EXERCISE AIM: Within the entries below, please retype exactly the lines starting with the line that has "全がけ(3種)TP温玉 2." and going on through the line that has "众议院议长佩洛西(Nancy", but not the pictures.

AVAILABLE DATA:
-------
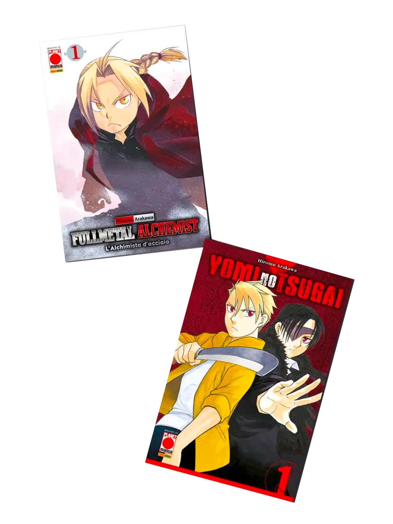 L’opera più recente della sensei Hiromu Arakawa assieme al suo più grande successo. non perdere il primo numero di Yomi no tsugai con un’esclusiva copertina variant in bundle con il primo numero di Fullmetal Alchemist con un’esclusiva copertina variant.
-------
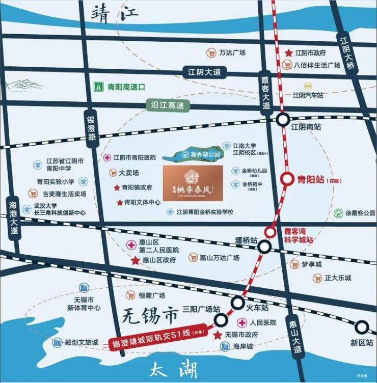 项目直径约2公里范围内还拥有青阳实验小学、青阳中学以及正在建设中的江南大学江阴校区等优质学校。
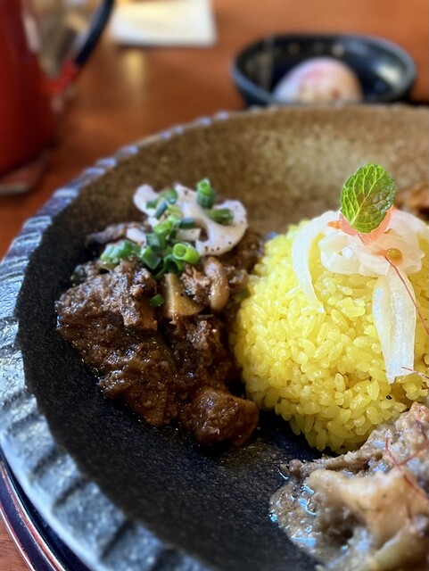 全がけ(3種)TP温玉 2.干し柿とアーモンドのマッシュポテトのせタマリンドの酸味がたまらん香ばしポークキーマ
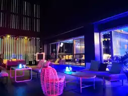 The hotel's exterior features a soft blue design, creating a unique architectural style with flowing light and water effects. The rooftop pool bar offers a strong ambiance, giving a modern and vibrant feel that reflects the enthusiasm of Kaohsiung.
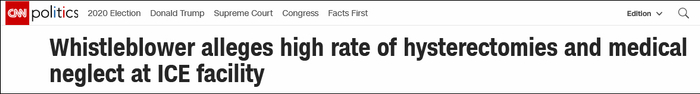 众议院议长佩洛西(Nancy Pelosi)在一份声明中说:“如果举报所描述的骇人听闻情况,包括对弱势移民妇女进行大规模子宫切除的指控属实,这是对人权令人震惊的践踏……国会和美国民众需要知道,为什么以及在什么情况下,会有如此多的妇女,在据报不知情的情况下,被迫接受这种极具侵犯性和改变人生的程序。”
-------
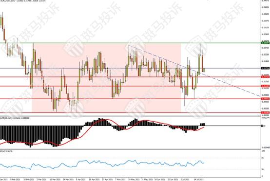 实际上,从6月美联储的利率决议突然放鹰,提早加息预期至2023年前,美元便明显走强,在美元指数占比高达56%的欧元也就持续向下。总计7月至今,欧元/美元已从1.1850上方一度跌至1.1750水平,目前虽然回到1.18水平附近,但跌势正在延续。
-------
RESPONSE BOX:
 全がけ(3種)TP温玉 2.干し柿とアーモンドのマッシュポテトのせタマリンドの酸味がたまらん香ばしポークキーマ
 The hotel's exterior features a soft blue design, creating a unique architectural style with flowing light and water effects. The rooftop pool bar offers a strong ambiance, giving a modern and vibrant feel that reflects the enthusiasm of Kaohsiung.
 众议院议长佩洛西(Nancy Pelosi)在一份声明中说:“如果举报所描述的骇人听闻情况,包括对弱势移民妇女进行大规模子宫切除的指控属实,这是对人权令人震惊的践踏……国会和美国民众需要知道,为什么以及在什么情况下,会有如此多的妇女,在据报不知情的情况下,被迫接受这种极具侵犯性和改变人生的程序。”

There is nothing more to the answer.